As shown in FIG. 21, the curved surface 72 becomes a straight surface 72A adjacent the end of the shoe 70. The chute or groove 69 also is formed in the portion of the shoe 70 having the straight surface 72A. The straight surface 72A is tangent to the curved surface 72, which terminates at section line 2--2 of FIG. 1.

When the guide portion 68 of the pawl 55 enters the chute or groove 69 in the shoe 70, the spring 57 causes counterclockwise pivoting of the pawl 55 about the pivot pin 56. When this occurs, the pawl 55 has the edge 62 (see FIG. 21) move onto the straight surface 72A of the shoe 70 where the edge 62 remains as the wheel 31 rotates clockwise.

As the wheel 31 continues to rotate clockwise, the edge 62 rides along the straight surface 72A of the shoe 70 so that the nose 60 of the pawl 55 shifts position relative to the J-clip 11 but remains in contact with the portion 61 of the J-clip 11. As can be observed from FIG. 21, a portion 72B, which includes a base and two legs as shown in FIG. 27, of the J-clip 11 is sliding along the straight surface 72A (see FIG. 21) of the shoe 70.

The portion 72B of the J-clip 11 has its legs connected to a pair of substantially parallel legs 72C of the J-clip 11 by connecting portions 72D. The portion 72B is spaced from the legs 72C to form a mouth or opening therebetween to enter the hole 12 in the instrument panel 14 so that the portion 72B of the J-clip 11 is on one side of the instrument panel 14 and the legs 72C of the J-clip 11 ar on the opposite side of the instrument panel 14 as shown in FIG. 22. The portion 72B of the J-clip 11 has a portion 72E integral therewith but at an angle thereto so that the portion 72E travels with the portion 72B as the portion 72B is advanced beneath one side of the instrument panel 14. The portion 72E is disposed in the plane of the portion 72B when the J-clip 11 is moved into engagement with the edge of the hole 12 in the instrument panel 14 as shown in FIG. 23.

The shoe 70 has a pair of spring plates 73 (see FIG. 4) and 74 secured thereto by Allen screws 75 and nuts 76. The shoe 72 has its side surfaces 77 and 78 converging toward each other so that the spring plates 73 and 74, which abut the side surfaces 77 and 78, respectively, of the shoe 70 converge towards each other at their free ends.
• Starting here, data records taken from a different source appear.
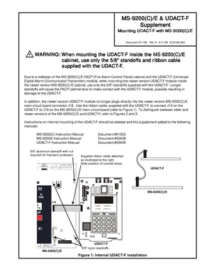 Installation Manual for the Fire-Lite Mounting UDACT-F with MS-9200, published in 1999. Document No: 51139, Rev: A. 4 models including MS-9200, MS-9200C, MS-9200E and 1 additional variants. Physical installation guide, backbox dimensions, and cabling specifications.
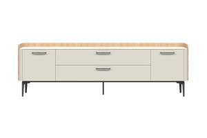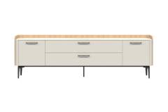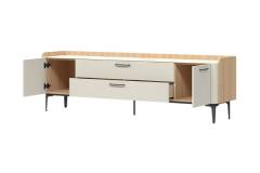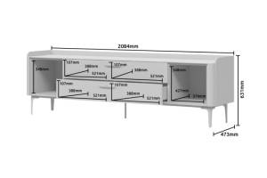 Comoda tv cu 2 usi si 2 sertare AIR 209x63x47cm Pepper White/ stejar Furneo - sticla cu model de marmura Calcatta Oro, cadru, picioare si manere Antracit
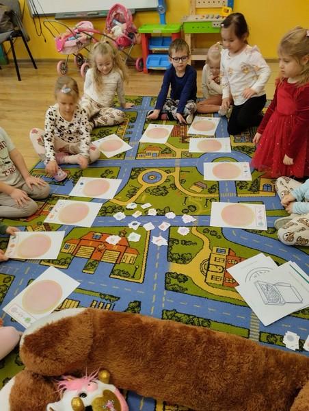Przedszkolaki z grup Zajączki i Sówki gościły w swojej sali panią Agnieszkę z biblioteki. Przeprowadziła ona z dziećmi literacką lekcję o emocjach. Bibliotekarka przeczytała przedszkolakom bajkę „Złość mówi dość” metodą kamishibai. Było to bardzo ciekawe doświadczenie dla naszych podopiecznych. Czuli się, jakby byli w teatrze, gdyż oglądali duże obrazki umieszczone w specjalnym otwieranym drewnianym pudełku. Następnie dzieci rysowały i opowiadały o swoich emocjach, a na koniec miały okazję pooglądać bajki o różnych emocjach i przeżyciach.
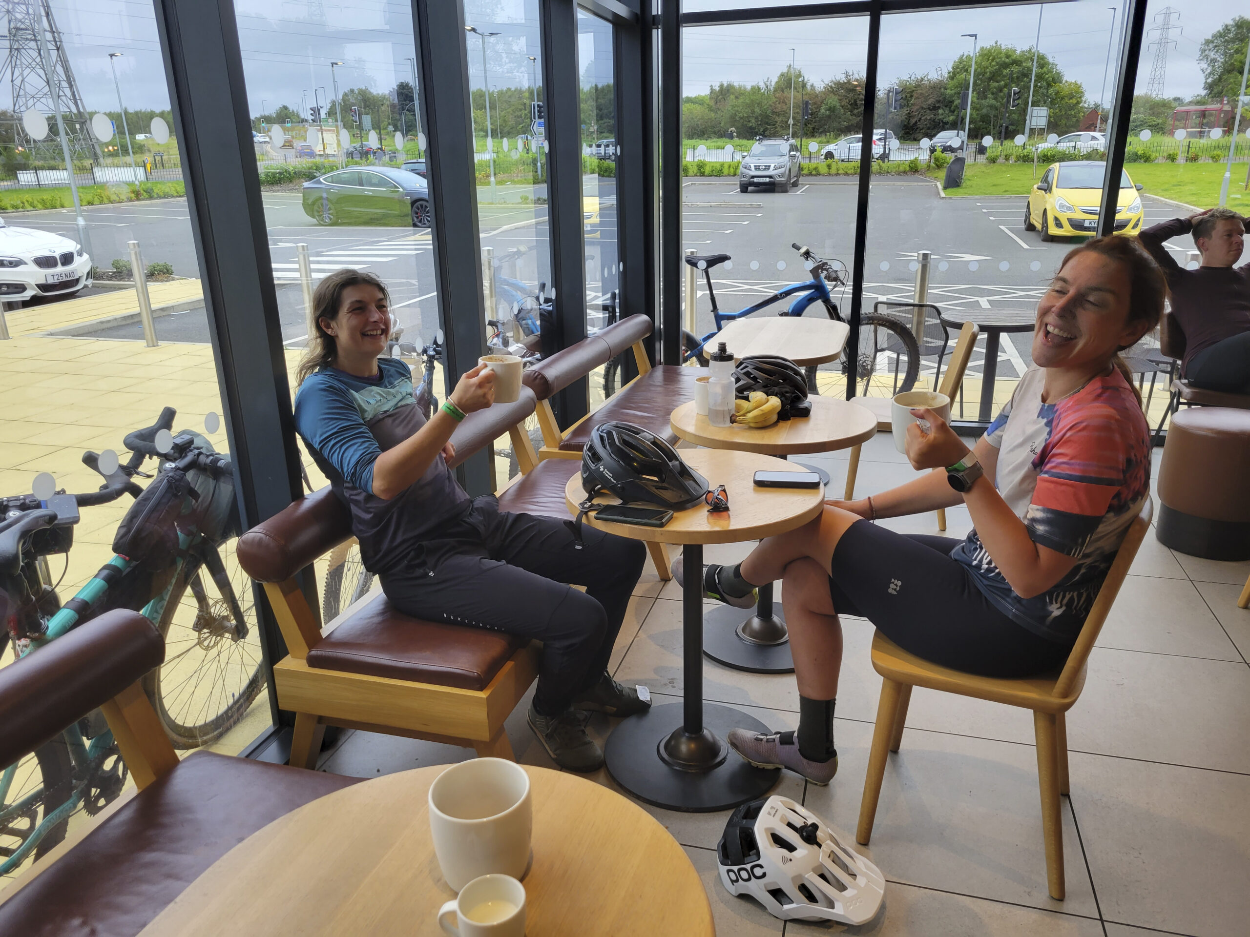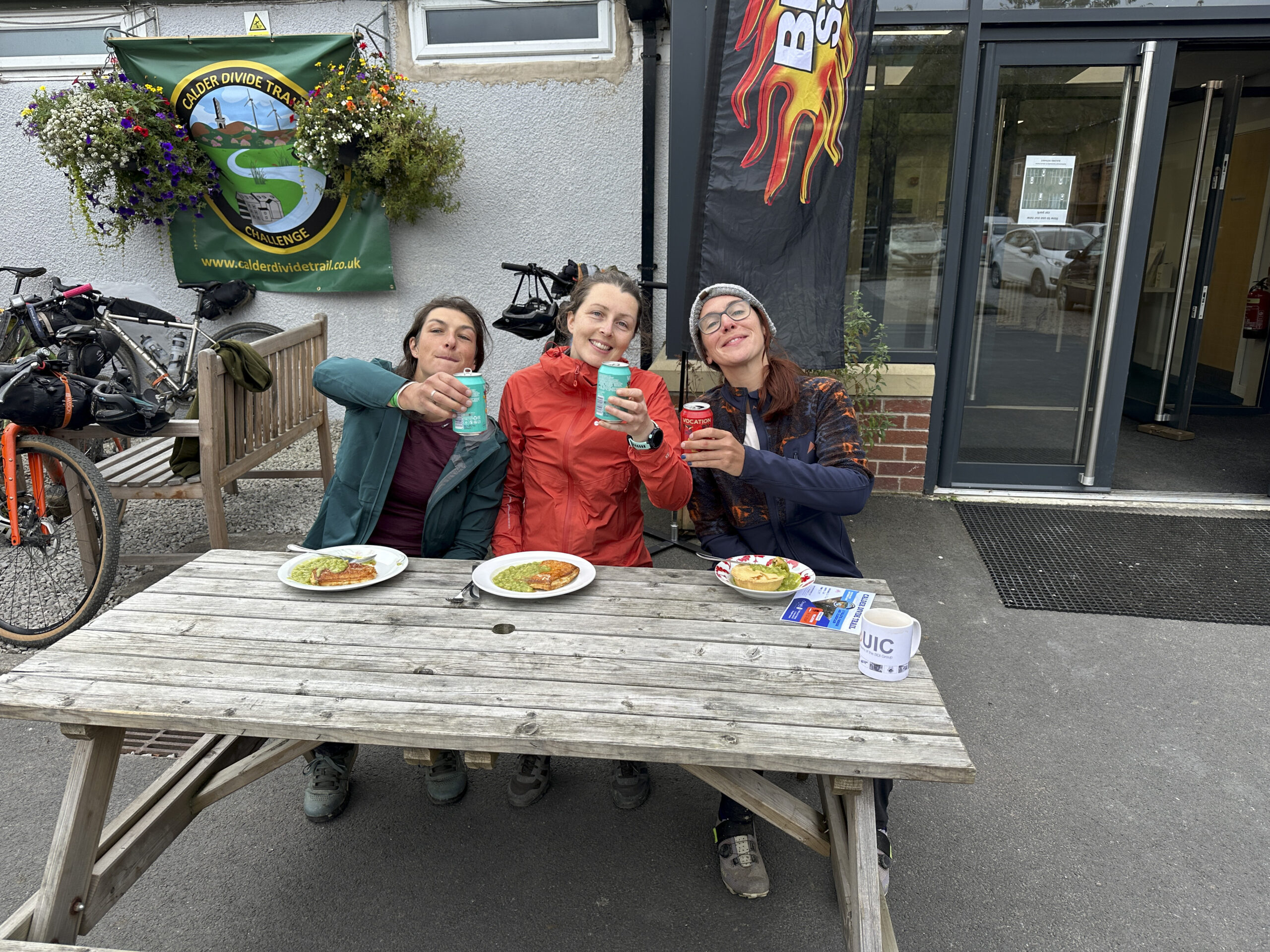 Our adventure was a social pace with plenty of sightseeing, snack stops and chatting to other riders along the way. The weather tried to turn us away, but the company kept us going. When we arrived at the campsite the pizza van had run out of food, so we gathered all those that hadn’t eaten and headed to a local pub, The Farmers Boy in Shepley. Despite it being 13 minutes before the kitchen closed, the staff were incredibly accommodating and made sure we were all warm and fed before we left. A late bedtime, a late morning and plenty of coffee were to follow. We completed our journey through some of the most fantastic trails in the area, bumping into plenty of other riders along the way. Check out the video for the full adventure!

Thus, the spring plates 73 and 74 hold the J-clip 11 (see FIG. 1) therebetween after the portion 61 of the J-clip 11 is engaged by the nose 60 of the pawl 55. This insures that the J-clip 11 remains properly oriented.

The shoe 70 has a hook 79 on its free end for disposition within the hole 12 in the single plane portion of the instrument panel 14 when the J-clip 11 is to be inserted into the hole 12. The hook 79 also aids in locating or orienting the tool 10 with respect to the hole 12 into which the J-clip 11 is to be inserted

The tool 10 also is oriented with respect to the hole 12 into which the J-clip 11 is to be inserted by an inclined surface 80 of a mounting bracket 81 and an inclined surface 82 (see FIG. 3) of a mounting bracket 83 engaging the instrument panel 14 as shown in FIGS. 21 and 22, for example. The inclined surfaces 80 and 82 (see FIG. 3) are substantially parallel to each other. The mounting bracket 81 is attached to the base 18 by Allen screws 84 extending into threaded holes 84' (see FIG. 1) in the base 18, and the mounting bracket 83 (see FIG. 3) is attached to the base 18 by Allen screws 85 extending through holes in the plate 19 into the threaded holes 84' (see FIG. 1) in the base 18.

When the J-clip 11 is to be inserted into the hole 15 (see FIG. 5) in the instrument panel 14, the hook 79 is not disposed in the hole 15. Instead, a pair of substantially parallel fingers 86 (see FIG. 10) and 87 (see FIG. 5) of a locater 88 is inserted within the hole 15 at the intersection of the two substantially perpendicular portions 16 and 17 of the instrument panel 14.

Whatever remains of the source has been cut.